Chicago Department of Transportation (CDOT) today released the results of the City’s first-ever electric scooter pilot program
Chicago joined the ranks of many other cities last summer offering its first ever pilot program for e-scooters.
Last year’s pilot project went from June 15, 2019 to October 15, 2019. Ten companies were issued permits for e-scooters by the Department of Business Affairs and Consumer Protection (BACP).
- Of the riders that took part in four-month scooter pilot in 2019, 86% want to see them return.
- Others, the non-users, would rather they go away with only 21% willing to see them return.
The complaints were many from sidewalk clutter, unsafe riding—particularly on sidewalks—parked scooters obstructing the public way, riding outside the boundaries and even complaints of the scooters being discarded in the river causing city expense to retrieve them.
So why has the city decided to invite the scooters back for another go-around?
Here’s what they say: “ Based on the results of this evaluation, the City will recommend a second pilot in 2020 to build on last year’s successes, implement lessons learned and test new solutions with a goal of identifying ways to expand access to safe, reliable and equitable mobility options for Chicago residents.”
In legalese, the new report says “Access to safe, accessible and reliable transportation is one of the City’s top priorities because it expands equity and strengthens our residents’ quality of life. While the e-scooter program holds promise, it warrants additional review to determine how we hold vendors accountable, keep Chicagoans safe and improve citywide mobility,” said Mayor Lori E. Lightfoot. “While the initial pilot revealed mixed results, my team will continue to bring community members and all stakeholders to the table to identify improved guidelines and gauge if the scooter program is a viable long-term solution.”
The 2019 Pilot Program
Focused specifically on neighborhoods on the city’s northwest and west sides, last year’s e-Scooter Pilot Program launched from June 15, 2019 to Oct. 15, 2019. Ten companies were issued Emerging Business Permits through BACP to operate 250 e-scooters each, and during the timeframe, over 800,000 e-scooter trips were reported by the participating companies. The service area enabled the City to evaluate the impact of e-scooters in a diverse demographic and geographical area with variations in access to transit and other forms of mobility.

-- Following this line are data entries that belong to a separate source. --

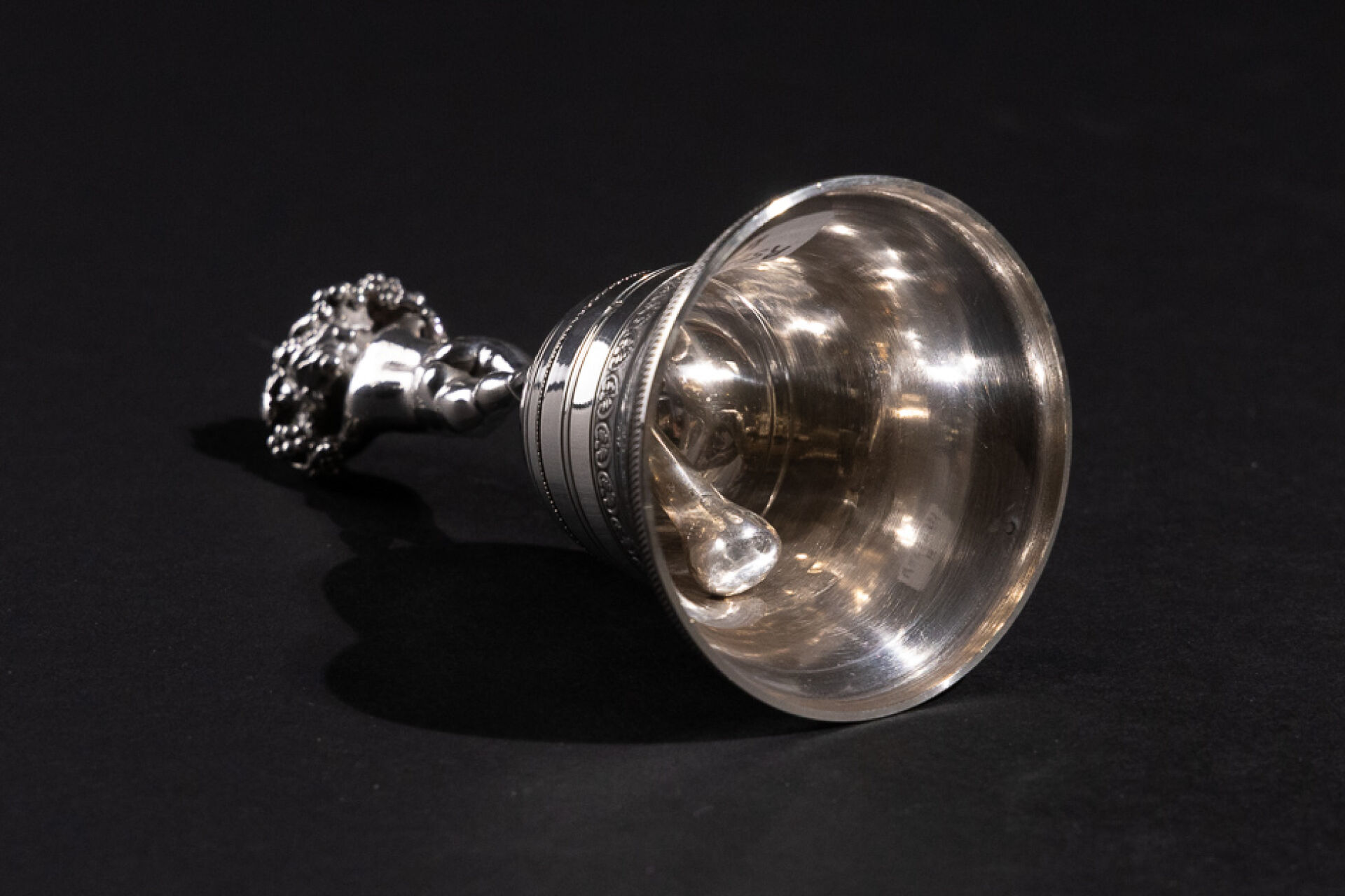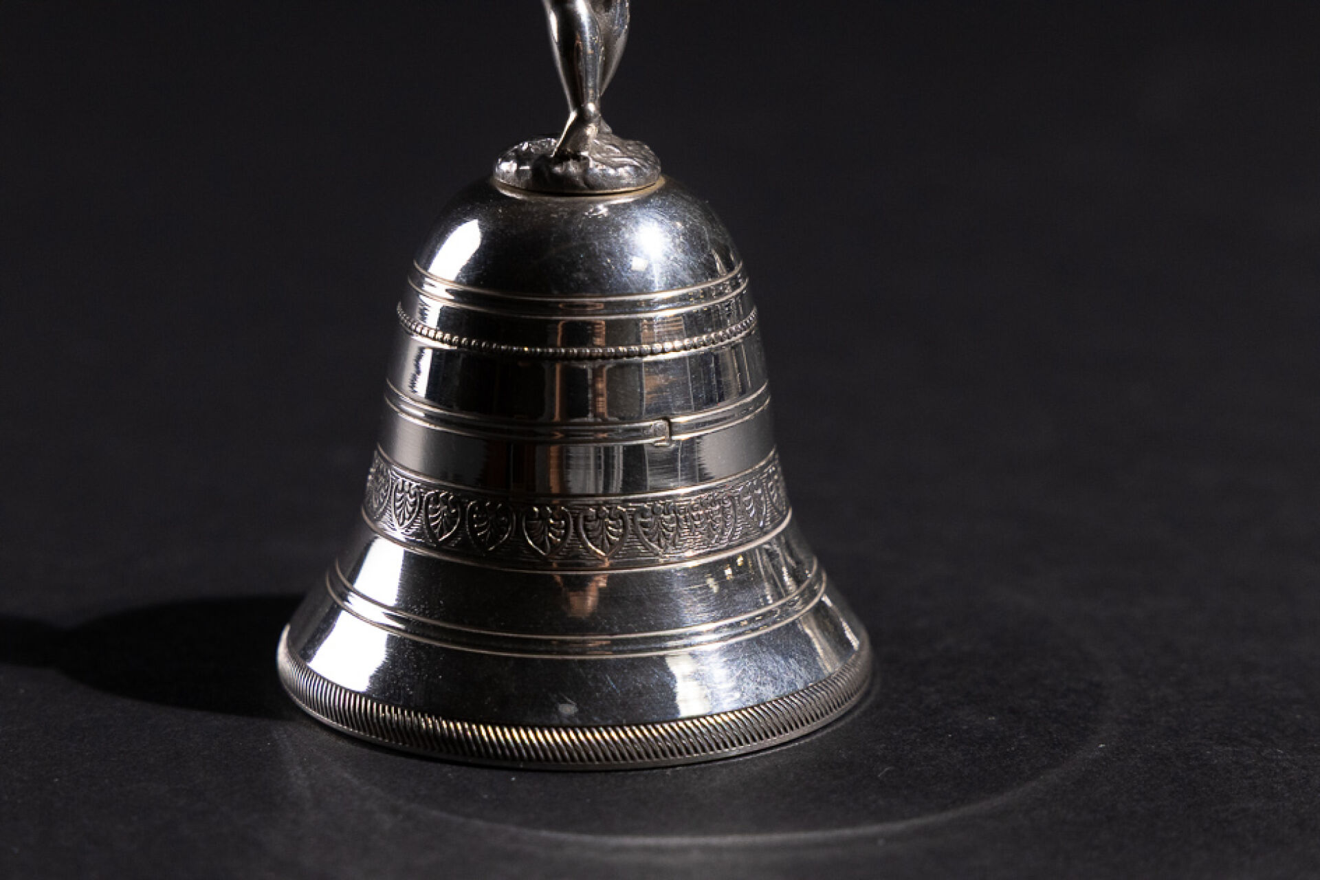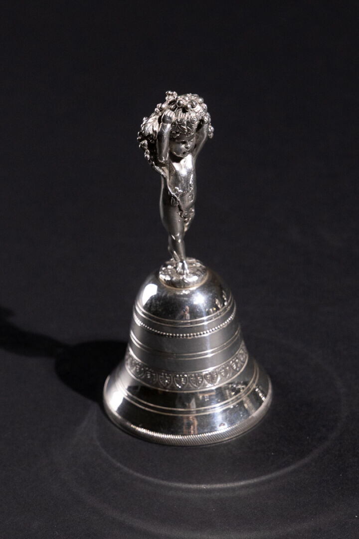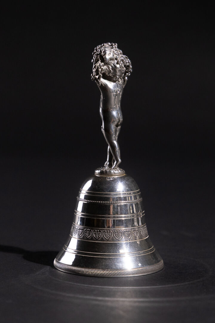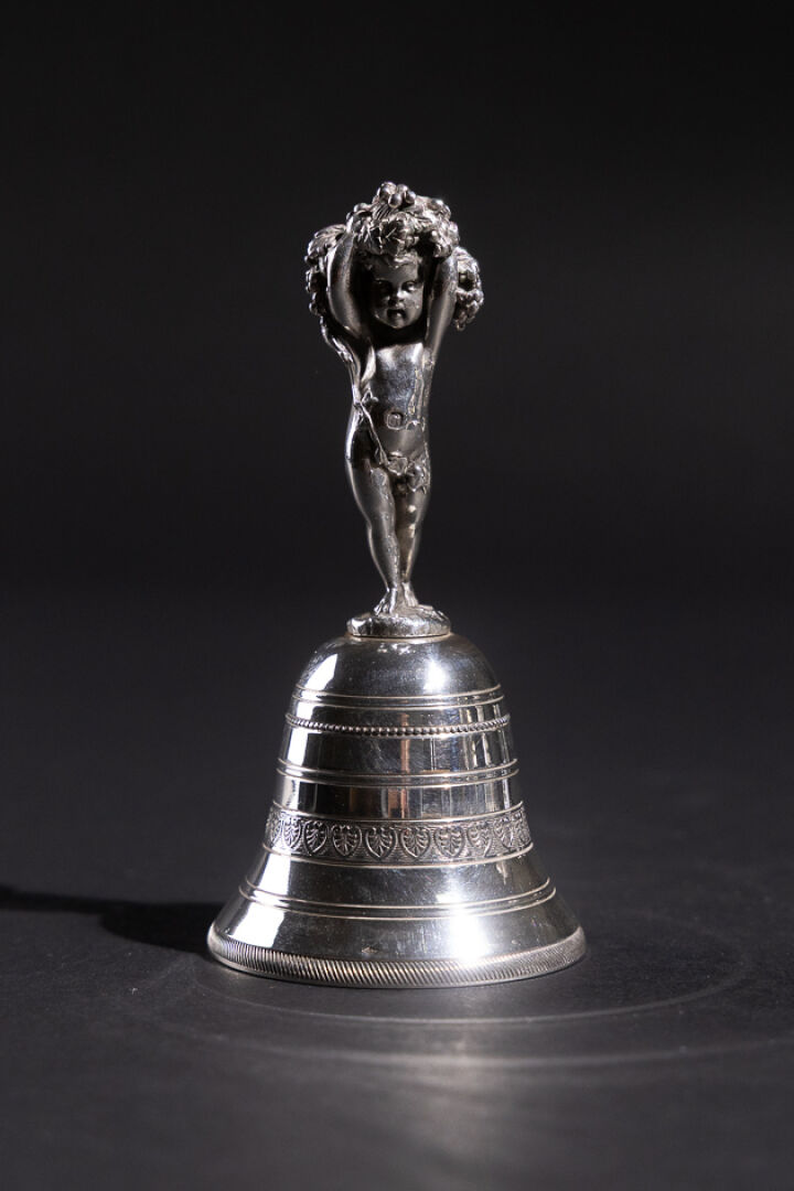 Clochette de table en argent à décor d'une frise de raies de cœur, d'une frise de perles, de filets et surmontée d'un putto vendangeur. Poinçon Minerve. Poids : 192,70 g - Haut. : 13 cm
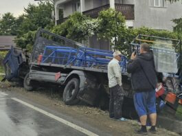 Accident rutier pe DJ 208A în Udești: O autoutilitară cu butelii de gaz a intrat într-un gard
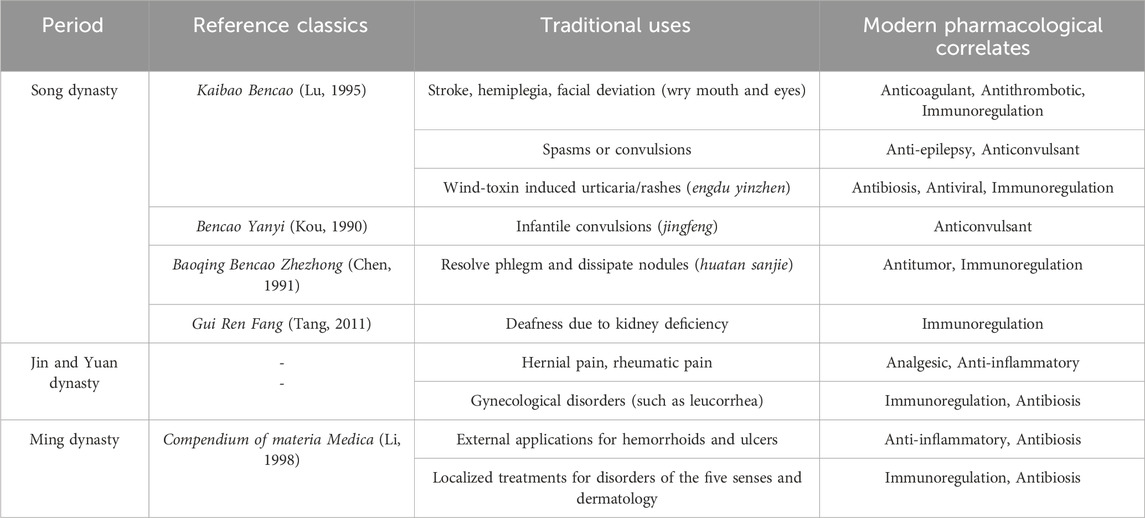The use of Scorpio in Chinese Traditional Medicine has a long history and is recorded in multiple classical Chinese medical texts. Scorpio was first documented as a medicinal substance in the Shu Bencao, although its efficacy and indications were not detailed therein (Ma, 2019). During the Song Dynasty, Kaibao Bencao began to document the therapeutic uses of Scorpio (Lu, 1995). Subsequent medical works in other historical periods successively added new records of its applications. It was not until the Qing Dynasty that a summary of its traditional uses was compiled, including dissipating blood heat, eliminating wind-dampness, resolving sores and ulcers, and serving as a channel-guiding agent (Ma, 2019). The traditional uses and initial documentation period of Scorpio are summarized in Table 1.

“The 2019 scooter program is an example of how a thoughtfully designed and carefully managed pilot can be used to effectively evaluate a new and innovative industry,” said BACP Commissioner Rosa Escareno. “We learned a great deal from this pilot, including that there is significant demand for scooters as a transportation option. We look forward to a second pilot in 2020 that focuses on equity, parking solutions and safety.”
While the initial evaluation found that e-scooter technology provides transportation benefits, the pilot also demonstrated a number of different challenges associated with the program that need to be more closely studied, including sidewalk clutter, equity and company compliance. As such, the City is recommending a second pilot to address these challenges and further test the benefits of this project in other community landscapes. This second pilot is necessary to determine proper regulations for this emerging and evolving business activity that balance the mobility goals of the City with the need for safe and responsible regulations.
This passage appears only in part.